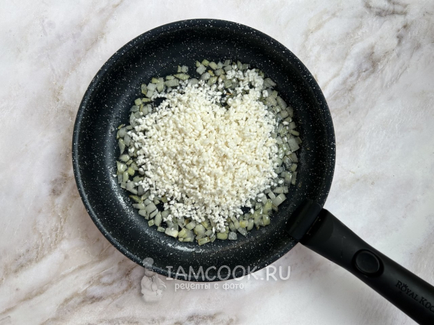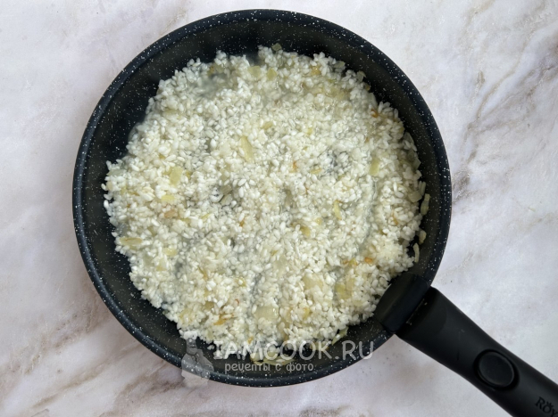 Насыпьте рис в сковороду и хорошо перемешайте с луком и маслом, пока зерна риса не станут прозрачными по краям.
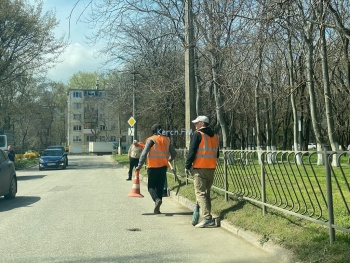 В Керчи 22 апреля на улице Кирова, около зоны отдыха «Черепашка», убирают дорогу. Осужденные наводят порядок на проезжей части с помощью лопат и мётел, - передает Керчь.ФМ.
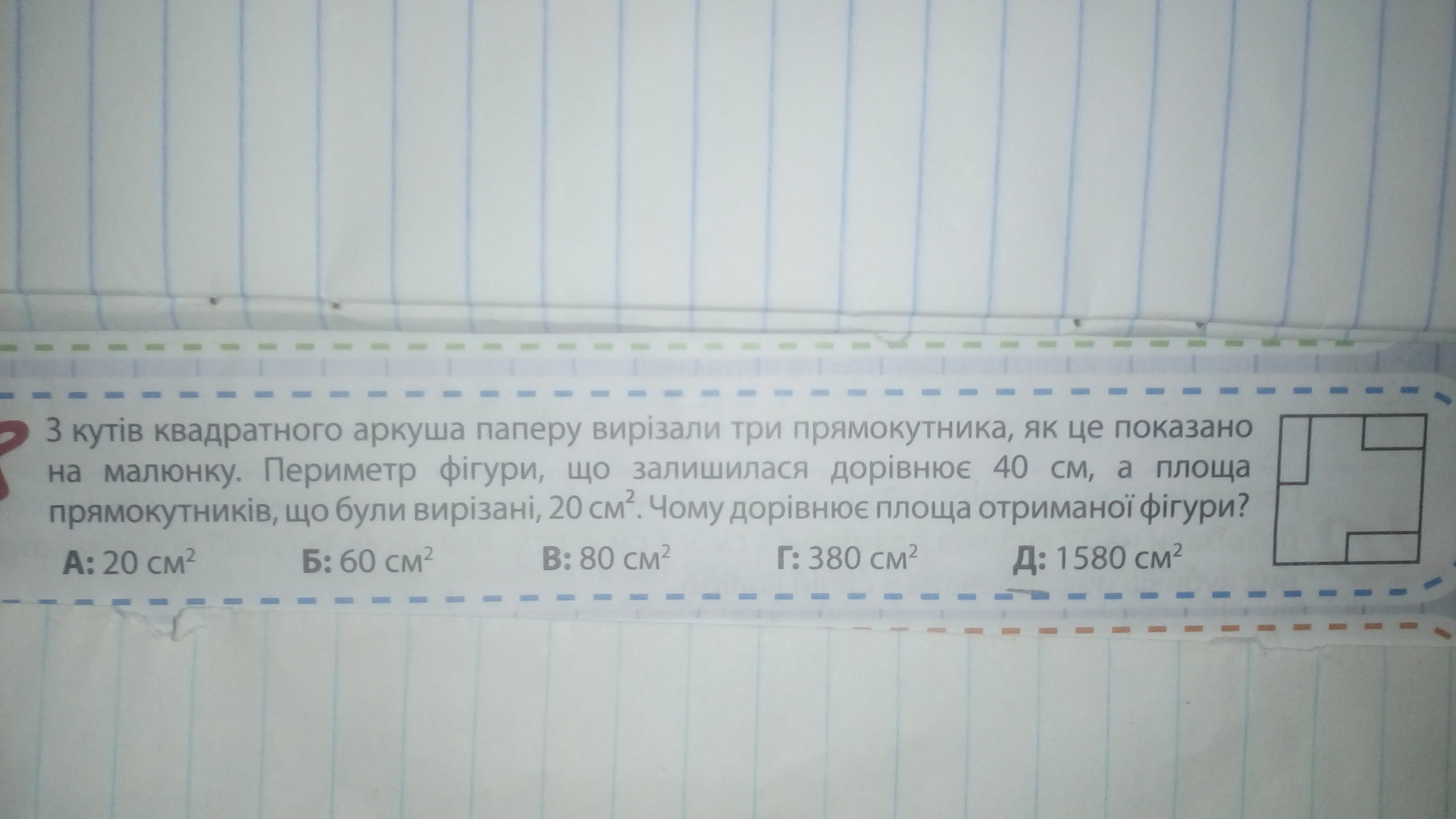Периметр фигуры,что осталась равен 40 см,а площадь прямоугольников,что были вырезаны,20 см квадратных.
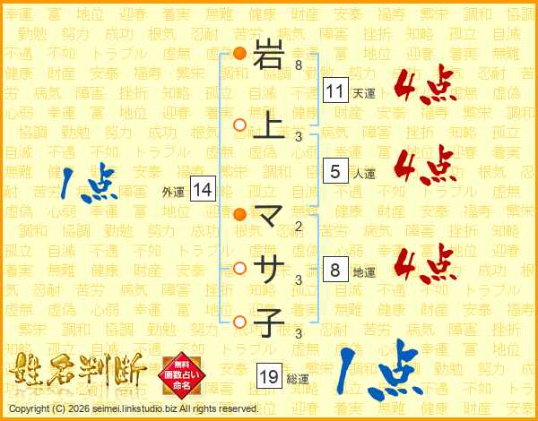 岩上マサ子さんの総運は19画の1点!
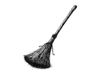 Halloween broomstick engraving, spooky vintage decor, hand-drawn black sketch style, retro seasonal element, horror icon, old engraving style, gothic illustration, dark art,
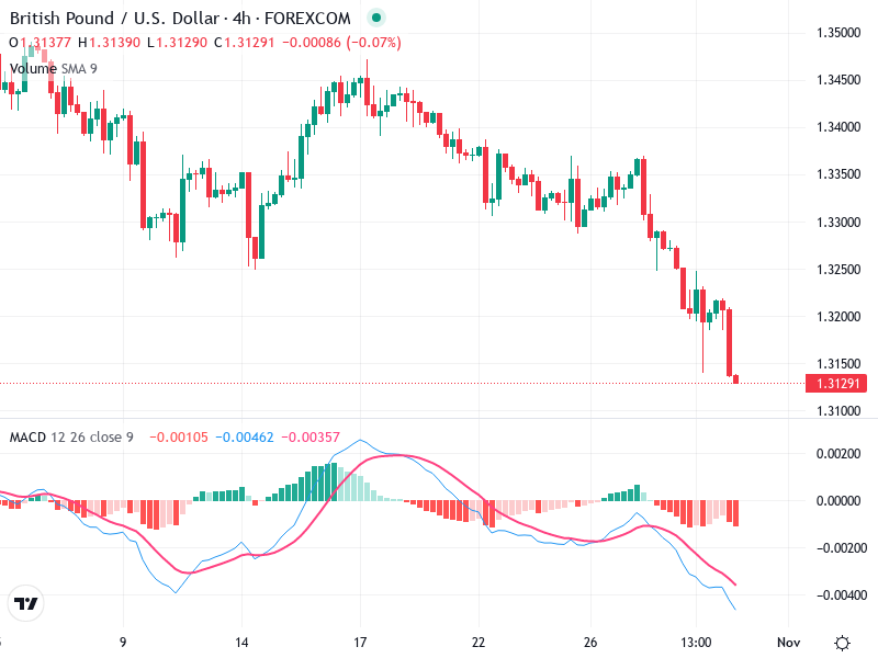 يعرض الرسم البياني عدة شموع حمراء، مما يشير إلى زخم هبوطي قوي. ظهر مؤخرًا شمعة حمراء كبيرة، مما يوحي بزيادة ضغط البيع. اتجاه الأساس العام هو هبوطي، كما هو موضح بتتابع القمم الأدنى والقيعان الأدنى. السعر يخترق مستويات الدعم السابقة حول 1.31500، مما يشير إلى احتمال استمرار الاتجاه الهابط.
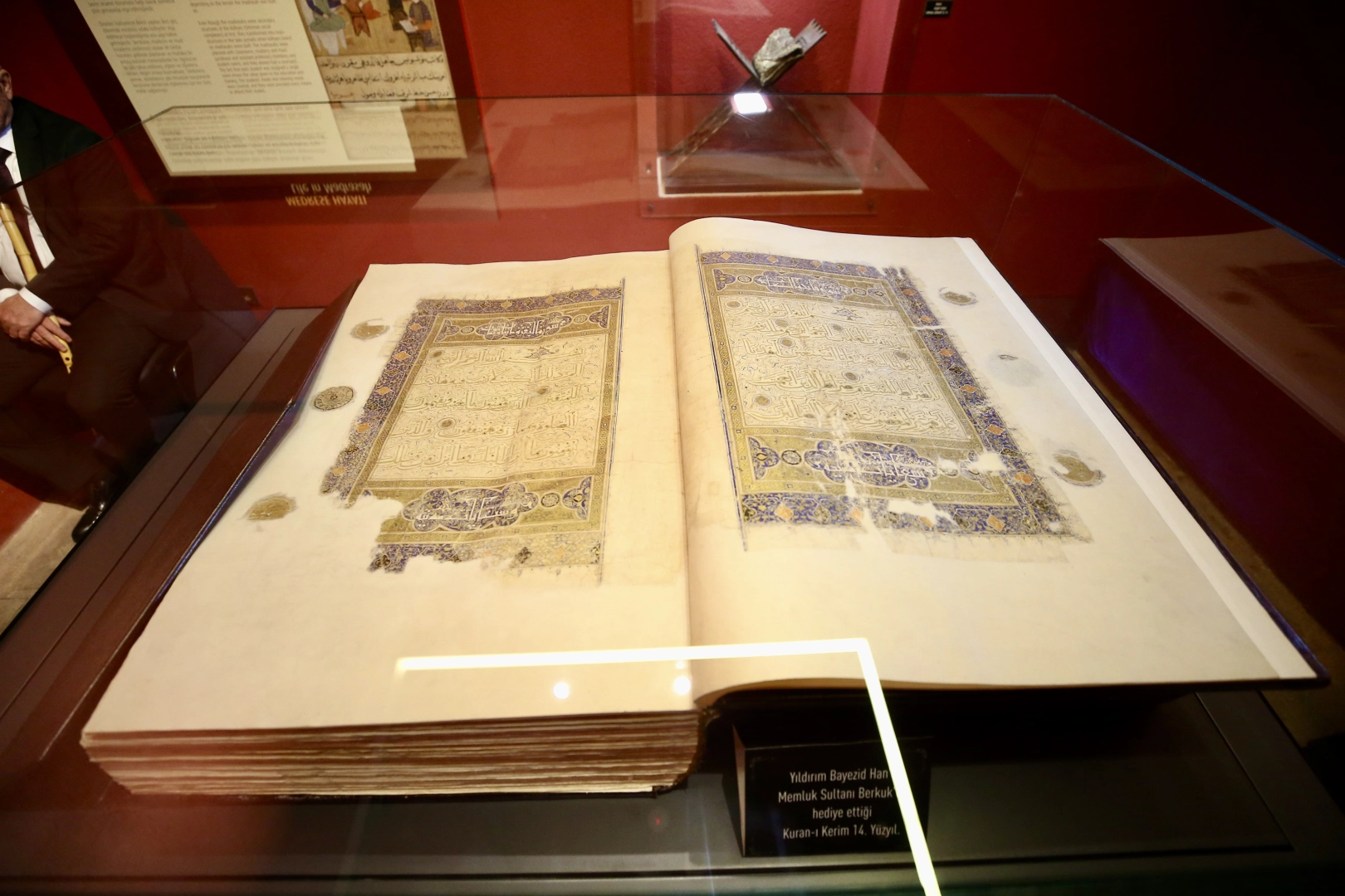 "Bu Kur'an-ı Kerim, Memlük Sultanı Berkuk tarafından Yıldırım Bayezid Han'a hediye ediliyor. Eserin 1380 yılında yazıldığı biliniyor ve 1396 yılında da Bayezid Han'a babası Murad Han'ın türbesinde okunsun diye hediye ediliyor. Bu hediyeleşmesinin arkasında çok önemli bir konu var. Haçlı ittifakına karşı iki Müslüman sultan, birliği, ittifakı ve kardeşliği tezyin etmemiz gerekiyor diye birbirine Kur'an-ı Kerim hediyesinde bulunuyor."
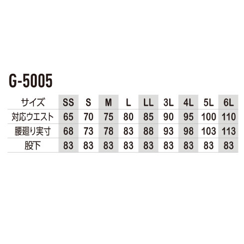 | 腰廻り実寸 | 68 | 73 | 78 | 83 | 88 | 93 | 98 | 103 | 113 |
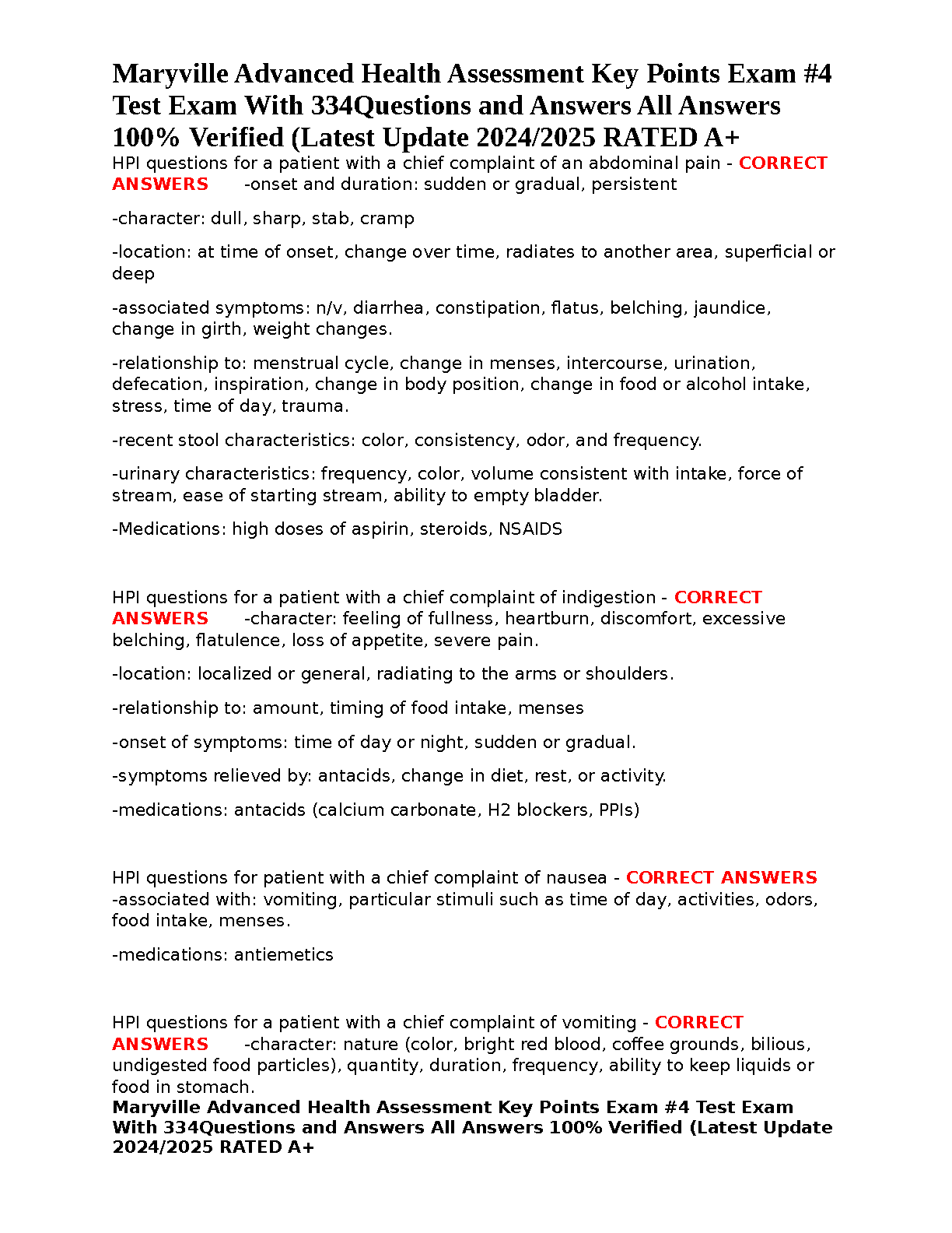 Ace your Maryville Advanced Health Assessment Exam with this comprehensive test bank featuring 334 questions and answers. This 2024/2025 updated resource is 100% verified and guarantees a top grade, helping you avoid resits and pass on your first attempt. Covers key topics including abdominal pain, indigestion, nausea, and vomiting.
:::
> **Task description**
Copy the data exactly. Pictures do not belong in the copy.

> **Solution to this problem**
 Насыпьте рис в сковороду и хорошо перемешайте с луком и маслом, пока зерна риса не станут прозрачными по краям.
 В Керчи 22 апреля на улице Кирова, около зоны отдыха «Черепашка», убирают дорогу. Осужденные наводят порядок на проезжей части с помощью лопат и мётел, - передает Керчь.ФМ.
Периметр фигуры,что осталась равен 40 см,а площадь прямоугольников,что были вырезаны,20 см квадратных.
 岩上マサ子さんの総運は19画の1点!
 Halloween broomstick engraving, spooky vintage decor, hand-drawn black sketch style, retro seasonal element, horror icon, old engraving style, gothic illustration, dark art,
 يعرض الرسم البياني عدة شموع حمراء، مما يشير إلى زخم هبوطي قوي. ظهر مؤخرًا شمعة حمراء كبيرة، مما يوحي بزيادة ضغط البيع. اتجاه الأساس العام هو هبوطي، كما هو موضح بتتابع القمم الأدنى والقيعان الأدنى. السعر يخترق مستويات الدعم السابقة حول 1.31500، مما يشير إلى احتمال استمرار الاتجاه الهابط.
 "Bu Kur'an-ı Kerim, Memlük Sultanı Berkuk tarafından Yıldırım Bayezid Han'a hediye ediliyor. Eserin 1380 yılında yazıldığı biliniyor ve 1396 yılında da Bayezid Han'a babası Murad Han'ın türbesinde okunsun diye hediye ediliyor. Bu hediyeleşmesinin arkasında çok önemli bir konu var. Haçlı ittifakına karşı iki Müslüman sultan, birliği, ittifakı ve kardeşliği tezyin etmemiz gerekiyor diye birbirine Kur'an-ı Kerim hediyesinde bulunuyor."
 | 腰廻り実寸 | 68 | 73 | 78 | 83 | 88 | 93 | 98 | 103 | 113 |
 Ace your Maryville Advanced Health Assessment Exam with this comprehensive test bank featuring 334 questions and answers. This 2024/2025 updated resource is 100% verified and guarantees a top grade, helping you avoid resits and pass on your first attempt. Covers key topics including abdominal pain, indigestion, nausea, and vomiting.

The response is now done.